Data:

^^^^

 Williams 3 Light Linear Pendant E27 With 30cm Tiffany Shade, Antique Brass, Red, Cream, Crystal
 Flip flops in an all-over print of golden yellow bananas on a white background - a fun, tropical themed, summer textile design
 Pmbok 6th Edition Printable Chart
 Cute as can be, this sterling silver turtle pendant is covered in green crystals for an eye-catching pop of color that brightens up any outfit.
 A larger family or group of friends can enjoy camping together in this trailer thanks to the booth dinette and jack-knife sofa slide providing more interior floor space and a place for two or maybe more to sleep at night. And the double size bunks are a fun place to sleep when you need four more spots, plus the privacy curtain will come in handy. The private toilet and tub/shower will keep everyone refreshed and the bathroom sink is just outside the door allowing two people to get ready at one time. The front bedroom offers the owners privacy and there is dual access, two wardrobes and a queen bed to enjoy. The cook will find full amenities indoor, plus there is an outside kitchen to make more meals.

^^^^

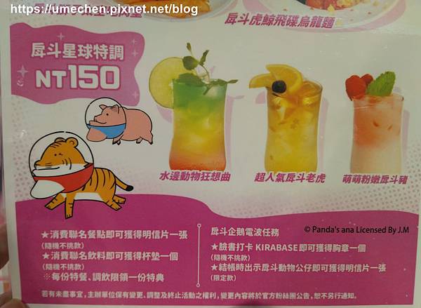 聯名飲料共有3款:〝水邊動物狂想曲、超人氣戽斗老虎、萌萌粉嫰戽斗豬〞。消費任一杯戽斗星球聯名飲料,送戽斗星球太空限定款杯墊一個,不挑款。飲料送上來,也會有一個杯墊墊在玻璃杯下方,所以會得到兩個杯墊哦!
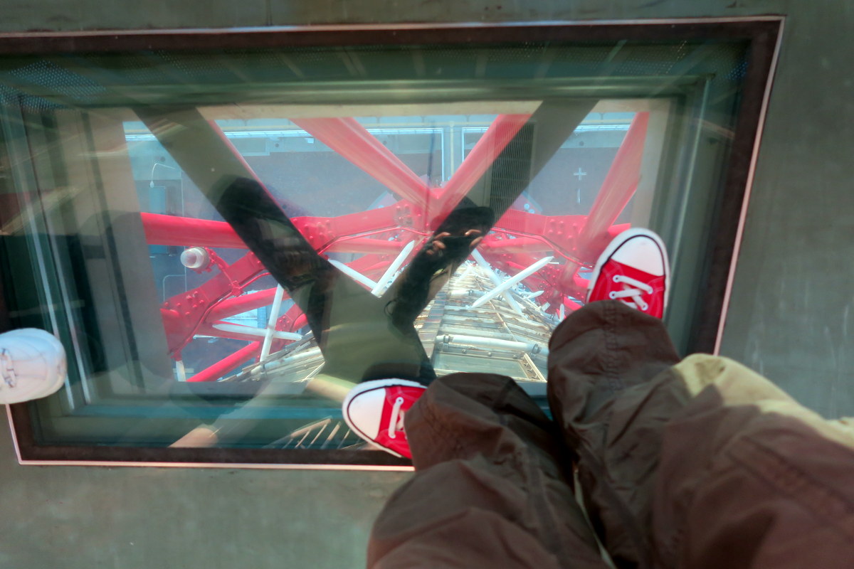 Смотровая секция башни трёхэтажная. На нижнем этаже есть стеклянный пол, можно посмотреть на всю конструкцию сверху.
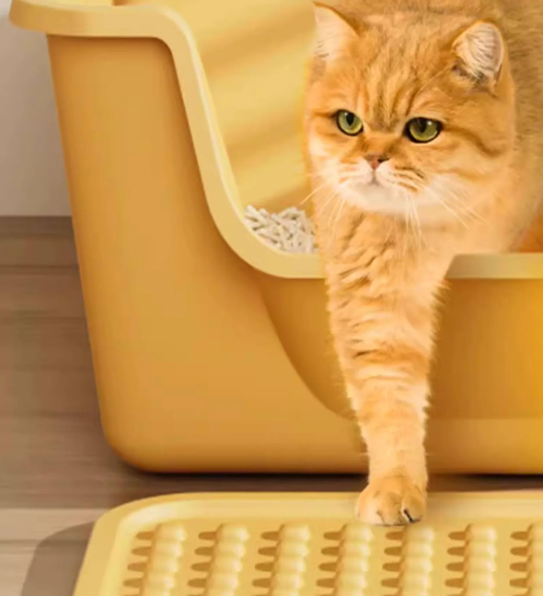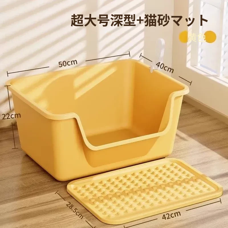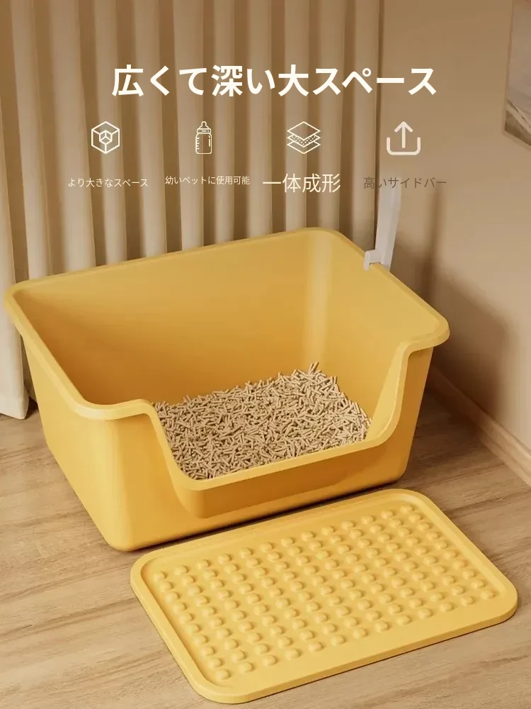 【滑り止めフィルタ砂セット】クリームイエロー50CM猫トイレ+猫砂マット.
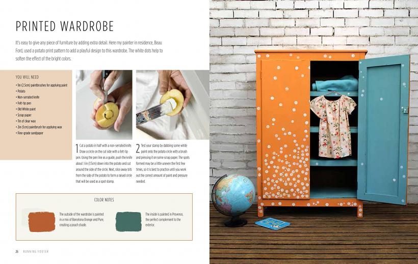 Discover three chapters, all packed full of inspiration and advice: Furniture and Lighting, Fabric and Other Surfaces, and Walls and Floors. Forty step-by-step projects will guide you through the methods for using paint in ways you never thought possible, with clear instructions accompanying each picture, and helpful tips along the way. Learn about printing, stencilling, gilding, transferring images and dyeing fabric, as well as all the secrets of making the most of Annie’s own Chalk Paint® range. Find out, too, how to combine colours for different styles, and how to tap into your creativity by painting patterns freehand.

^^^^

Look back at the entries above and repeat, unchanged, every line from the line holding "Williams 3 Light" through the line holding "A larger family".

Task result:
 Williams 3 Light Linear Pendant E27 With 30cm Tiffany Shade, Antique Brass, Red, Cream, Crystal
 Flip flops in an all-over print of golden yellow bananas on a white background - a fun, tropical themed, summer textile design
 Pmbok 6th Edition Printable Chart
 Cute as can be, this sterling silver turtle pendant is covered in green crystals for an eye-catching pop of color that brightens up any outfit.
 A larger family or group of friends can enjoy camping together in this trailer thanks to the booth dinette and jack-knife sofa slide providing more interior floor space and a place for two or maybe more to sleep at night. And the double size bunks are a fun place to sleep when you need four more spots, plus the privacy curtain will come in handy. The private toilet and tub/shower will keep everyone refreshed and the bathroom sink is just outside the door allowing two people to get ready at one time. The front bedroom offers the owners privacy and there is dual access, two wardrobes and a queen bed to enjoy. The cook will find full amenities indoor, plus there is an outside kitchen to make more meals.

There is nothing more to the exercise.